##### DATA EXCERPTS #####

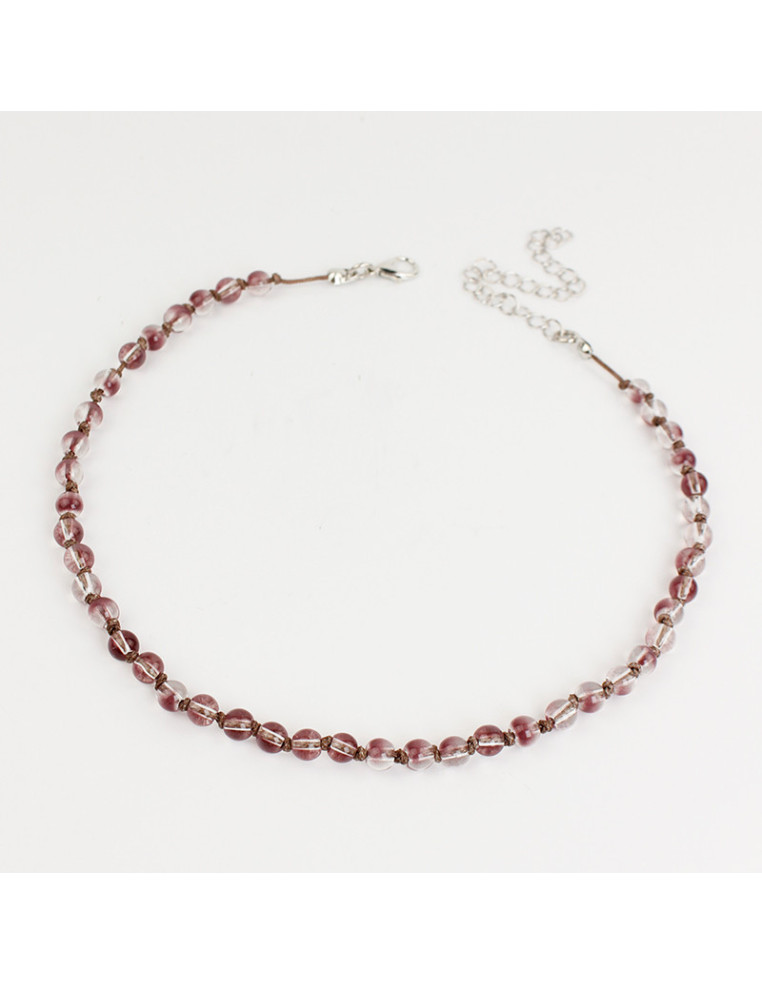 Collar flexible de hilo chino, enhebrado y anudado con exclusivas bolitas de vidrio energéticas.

#####
##### DATA EXCERPTS #####

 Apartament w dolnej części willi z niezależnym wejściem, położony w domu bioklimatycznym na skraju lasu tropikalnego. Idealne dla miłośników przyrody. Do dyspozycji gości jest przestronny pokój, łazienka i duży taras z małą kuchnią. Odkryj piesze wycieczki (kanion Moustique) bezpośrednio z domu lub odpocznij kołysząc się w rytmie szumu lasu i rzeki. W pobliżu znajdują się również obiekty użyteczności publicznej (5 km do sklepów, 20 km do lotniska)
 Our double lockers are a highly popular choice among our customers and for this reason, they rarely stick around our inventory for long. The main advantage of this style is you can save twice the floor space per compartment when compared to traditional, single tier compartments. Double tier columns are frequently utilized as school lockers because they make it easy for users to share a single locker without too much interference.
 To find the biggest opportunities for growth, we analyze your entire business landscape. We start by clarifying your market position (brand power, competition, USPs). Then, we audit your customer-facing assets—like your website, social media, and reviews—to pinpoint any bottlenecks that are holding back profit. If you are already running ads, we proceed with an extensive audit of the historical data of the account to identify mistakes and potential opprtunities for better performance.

#####

§ PROBLEM STATEMENT
Every line above from the line with "Our double lockers" to the line with "To find the", inclusive, must be returned exactly; no other line belongs in the reply.

§ RESULT
 Our double lockers are a highly popular choice among our customers and for this reason, they rarely stick around our inventory for long. The main advantage of this style is you can save twice the floor space per compartment when compared to traditional, single tier compartments. Double tier columns are frequently utilized as school lockers because they make it easy for users to share a single locker without too much interference.
 To find the biggest opportunities for growth, we analyze your entire business landscape. We start by clarifying your market position (brand power, competition, USPs). Then, we audit your customer-facing assets—like your website, social media, and reviews—to pinpoint any bottlenecks that are holding back profit. If you are already running ads, we proceed with an extensive audit of the historical data of the account to identify mistakes and potential opprtunities for better performance.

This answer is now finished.